La procédure a été clôturée par ordonnance du 9 septembre 2020.
MOTIFS
La Selarl Voinot, intimée, n’ayant pas constitué avocat, il sera statué par défaut.
A l’appui de sa demande, Mme Y produit :
— une mise en demeure de payer valant commandement en date du 14 juin 2018 émanant du centre des finances publiques de Meurthe et Moselle portant sur une somme totale de 15 649,93 euros correspondant à des montants dus au titre de l’impôt sur le revenu 2008 et 2009,
— un avis de signification d’un avis à tiers détenteur en date du 12 décembre 2019 émanant du centre des finances publiques de Forbach portant sur un montant de 1 746 euros, cet avis ayant été délivré à une étude notariale d’Arles sur Tech,
— une convocation à une audience de saisie des rémunérations en date du 28 mars 2019 sur demande de la banque CIC Est en vue du recouvrement d’une somme de 77 550,61 euros,
— un extrait peu lisible d’un état des créances établi par la commission de surendettement visant un prêt banque CIC Est de 2007 avec cette mention 'prêt déclaré non pro par TGI Epinal'.

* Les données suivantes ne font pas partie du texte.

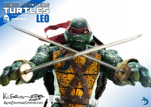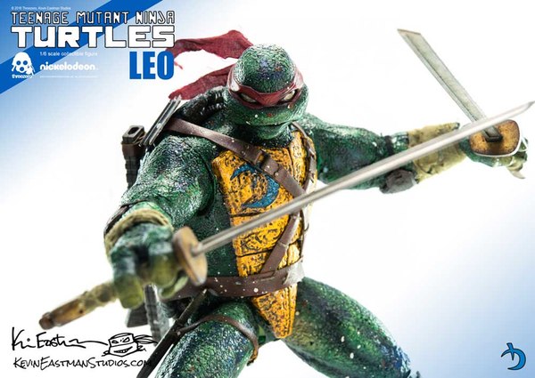 Les précommandes de la figurine de Leonardo ont été ouvertes, comme Michelangelo le 2 juin 2016. Vendu à 210$ pièce, ThreeZero proposait une vente groupée avec Michelangelo (210$ également) pour 355$, frais de ports internationaux compris. En adhérant à cette offre relativement avantageuse, les fans obtenaient des accessoires exclusifs. Leonardo était accompagné d’un gantelet de Shredder exclusif. La gamme a été annulée en août 2016.
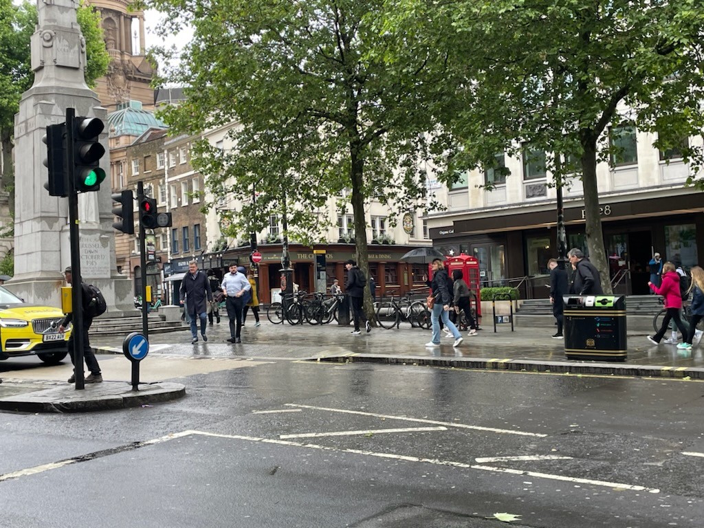 After we left the tube station, I got to experience London. I had always heard that big cities were dirty, but I was happily surprised to see that public areas in London are kept very clean except for the occasional pile of trash bags. The environment is accessible and beautiful. Even the ground is pretty. The sidewalks are made of stones, not giant slabs of concrete.
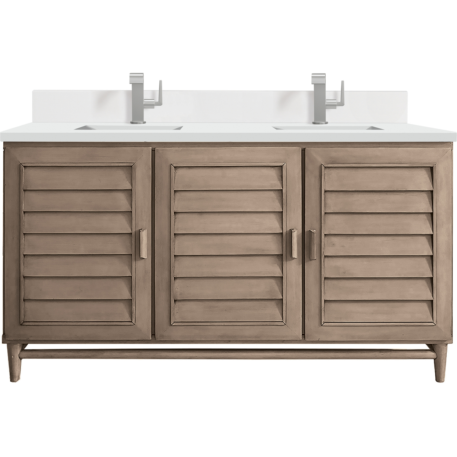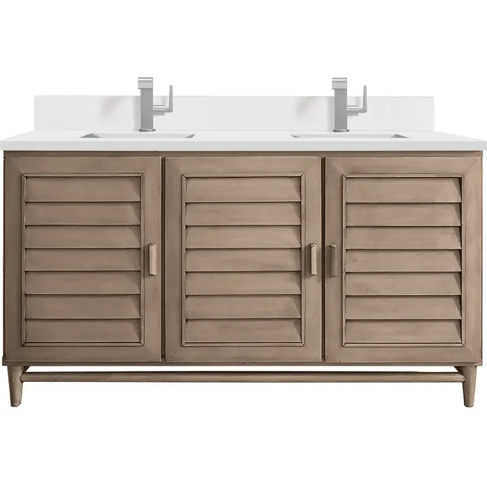 The Portland 60" Whitewashed Walnut Double Vanity features soft-close hinges on doors, with undermount soft-close slides on drawers and concealed ample storage. A proportionate and complementary design with wood knobs and brushed aluminum interior drawers. Premium features include one bamboo drawer organizer and one electrical component with two USB outlets. A classic, crisp 3 CM White Zeus Silestone Top and backsplash with undermount sinks perfectly complements the finish.Vanity set includes a 3cm eased edge White Zeus Silestone top with matching backsplash, two white porcelain rectangular sinks and mounting brackets for easy installation. Top is pre-drilled for two single hole faucets. Faucets not included.Three door Whitewashed Walnut double vanity with four interior drawers and shelf spaceConstructed with a Soft Maple solid wood frame, Plywood panels that are covered with solid Poplar wood veneers.Drawer boxes are constructed using English Dovetail joinery, feature soft-close undermount glides and a Brushed Aluminum laminate drawer bottom.Includes one removable Bamboo drawer organizer trayIncludes a 120 UL-rated electrical component with dual power outlets and USB (Type A) portsMatching White Zeus 3cm Silestone backsplash included.Faucets sold separatelyThoroughly Modern. Inspired by the American design aesthetic prevalent from the mid 1930’s through the mid 1960’s; James Martin’s Portland Collection relies on pleasing proportions and simple, modern lines. The cabinets’ stylized, louver doors, conceal ample storage and, with a multitude of drawers - elements of organization. The two finish colors are James Martin’s most popular as well; Burnished Mahogany and Whitewashed Walnut. Our coordinating 28” Mirrors were designed to compliment all cabinet sizes.1 year warranty against manufacturer's defects. We will repair or replace any defective product, if the product is defective in material or workmanship at our discretion. No warranty is expressed or implied regarding damages resulting from consumer misuse.
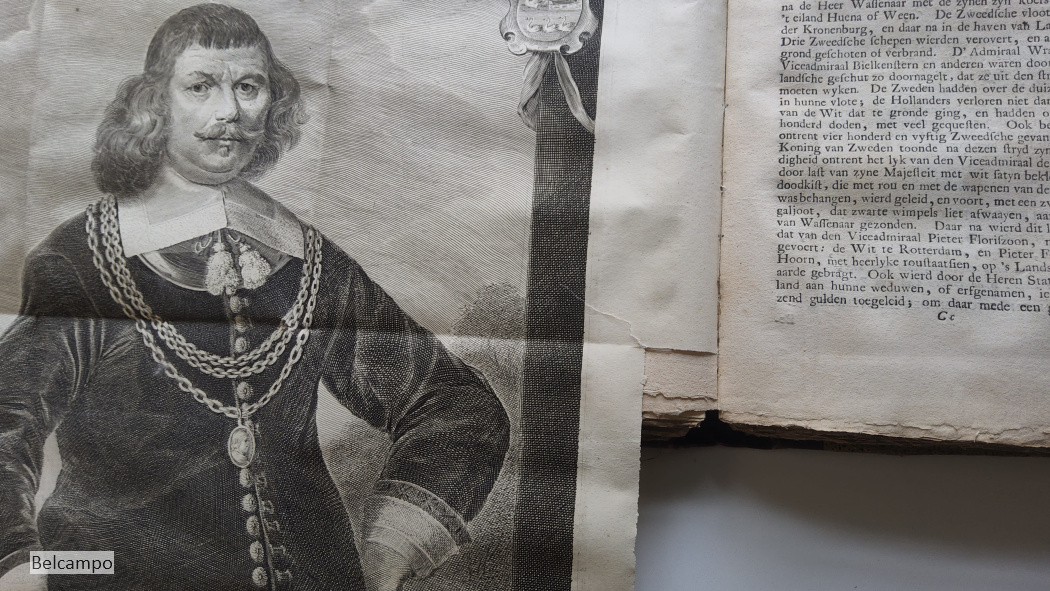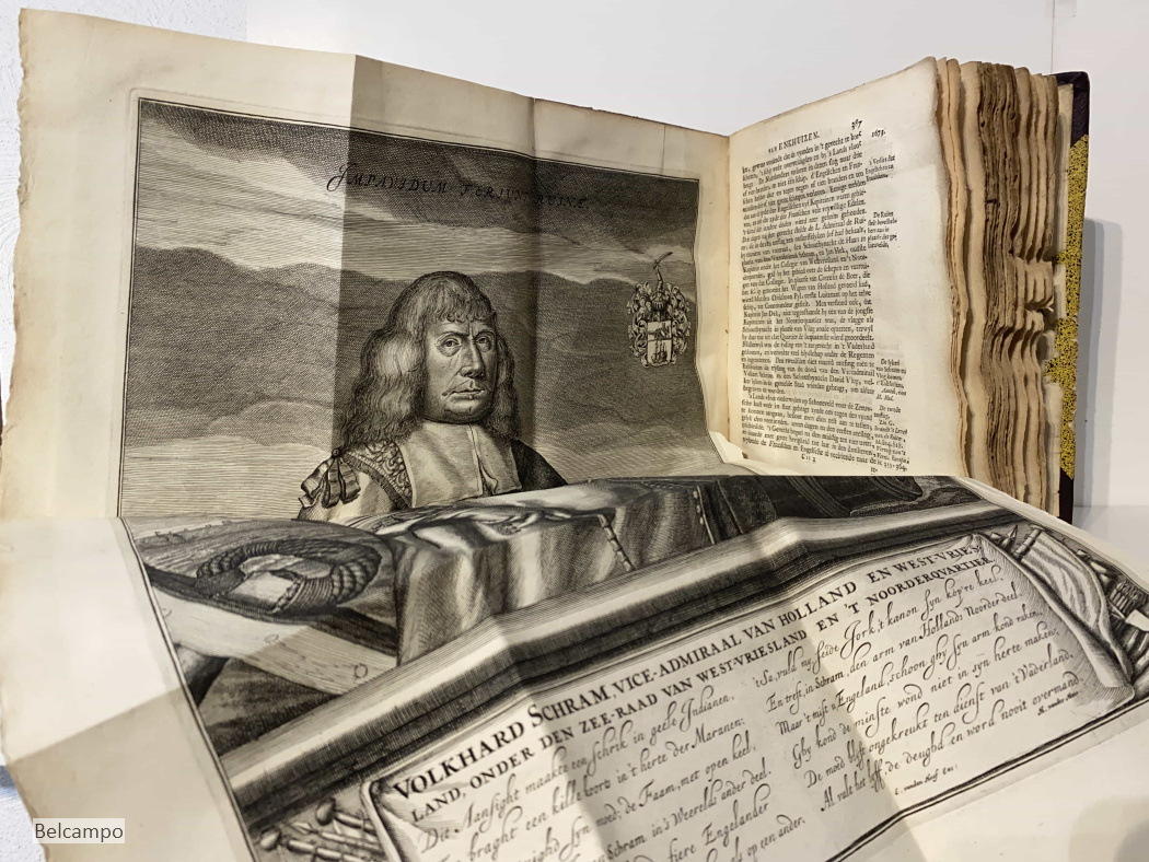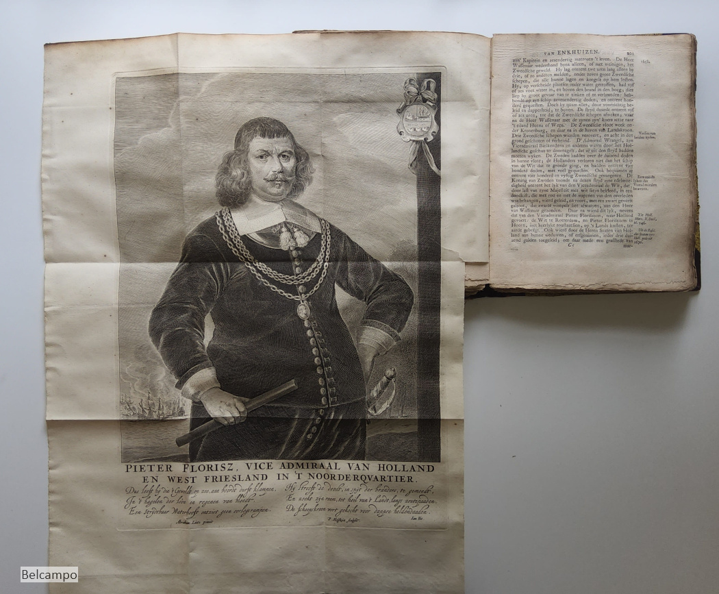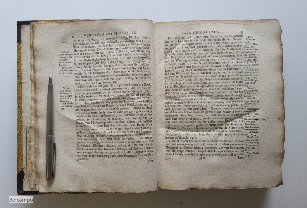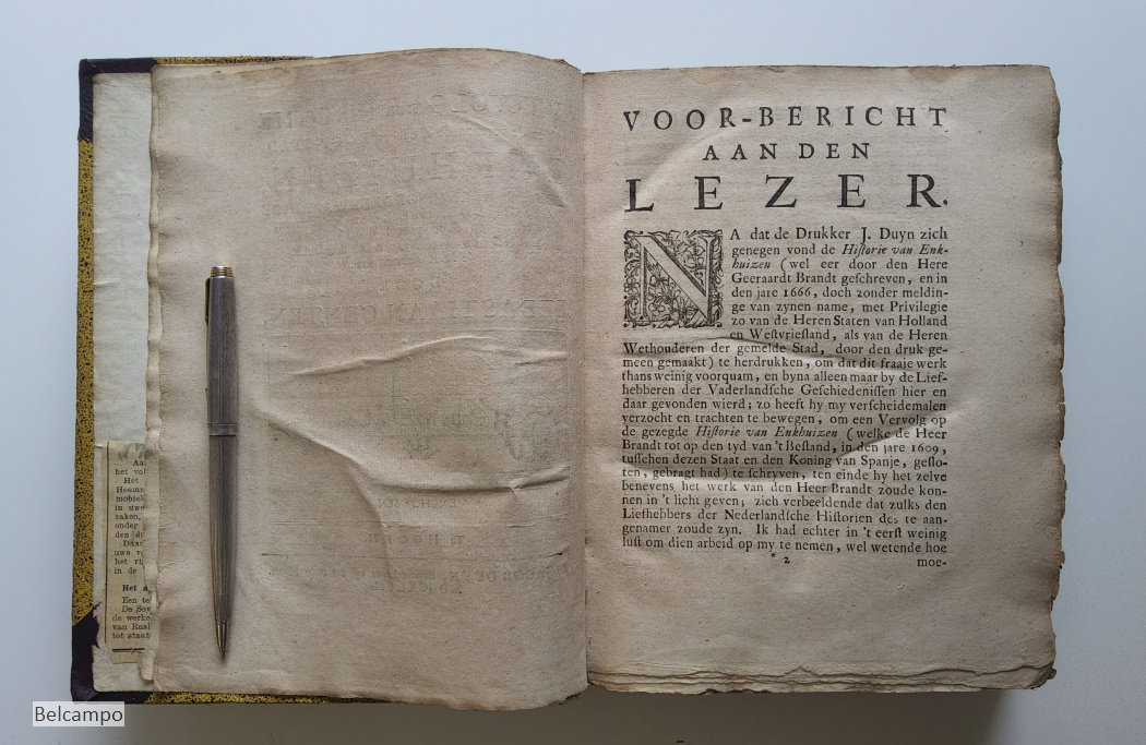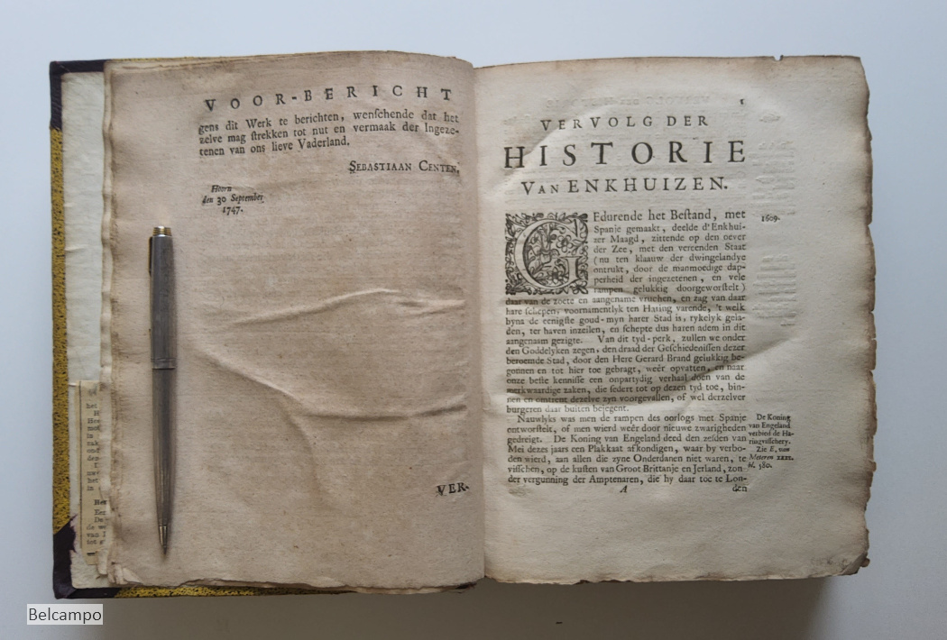 Centen, Sebastian. Vervolg der historie van de vermaarde zee- en koopstad Enkhuizen, behelzende verscheide gedenkwaardige geschiedenissen, die zo in als omtrent dezelve, en door geheel Westvriesland en het Noorderquartier gebeurt zyn door Sebastiaan Centen. Hoorn, Jacob Duyn, 1747. 8° (21,5 x 17 cm.). [6], 448, [23] p. Halfleren band uit de tijd (?). Met twee grote uitslaande portretten (46,5 x 34,5 cm.). Verbinding rug met voorplat aan voorkant 14 cm. ingescheurd (afb. 2 ). Voorste schutbladen verstevigd met papier. Eerste bladzijden beduimeld en vlekkig. Titelpagina gebruind. De binding op bladzijde 65, 193, 200 is gedeeltelijk los (afb. 16). Beide gravures hebben aan één zijde een gerepareerd scheurtje van 2,5 cm. Zie de afbeeldingen voor verdere defecten. Zeldzaam.

Si la créance du Trésor public s’agissant d’une imposition sur les revenus 2008 et 2009 peut être rattachée à l’exercice de l’activité d’agent général d’assurances de l’appelante, en revanche la preuve du caractère professionnel des autres dettes et notamment du prêt contracté en 2007 auprès de la banque CIC Est n’est pas établi, au regard de la mention portée sur l’état des créances de la commission de surendettement, le contrat de prêt n’étant pas versé aux débats.
Il n’est par ailleurs pas justifié de l’existence d’un solde restant éventuellement dû au titre de la dette fiscale, le document produit datant en effet de plus de deux ans, ni de la situation financière et patrimoniale de l’appelante, cette dernière se contentant de procéder par affirmations à cet égard, alors que la convocation à une audience de saisie des rémunérations laisse supposer qu’elle percevrait des revenus salariaux ou autres et que l’avis à tiers détenteur démontre qu’une étude notariale détiendrait ou aurait détenu des fonds qui lui sont destinés.
L’ouverture d’une procédure de liquidation judiciaire en application de l’article L. 640-3, alinéa 1er, du code de commerce suppose que soit rapportée, outre la preuve d’un passif de nature professionnelle, celle de l’existence d’un état de cessation des paiements caractérisé par une impossibilité pour l’appelante de faire face à son passif exigible, avec son actif disponible. Cette preuve n’étant pas rapportée, le jugement entrepris doit être confirmé en toutes ses dispositions.
PAR CES MOTIFS
La cour, statuant par défaut, par arrêt prononcé publiquement, par mise à disposition au greffe, conformément aux dispositions de l’article 450 alinéa 2 du code de procédure civile,
CONFIRME le jugement du tribunal de grande instance d’Epinal en date du 20 décembre 2019 en toutes ses dispositions ;
CONDAMNE Mme Z Y aux entiers dépens d’appel.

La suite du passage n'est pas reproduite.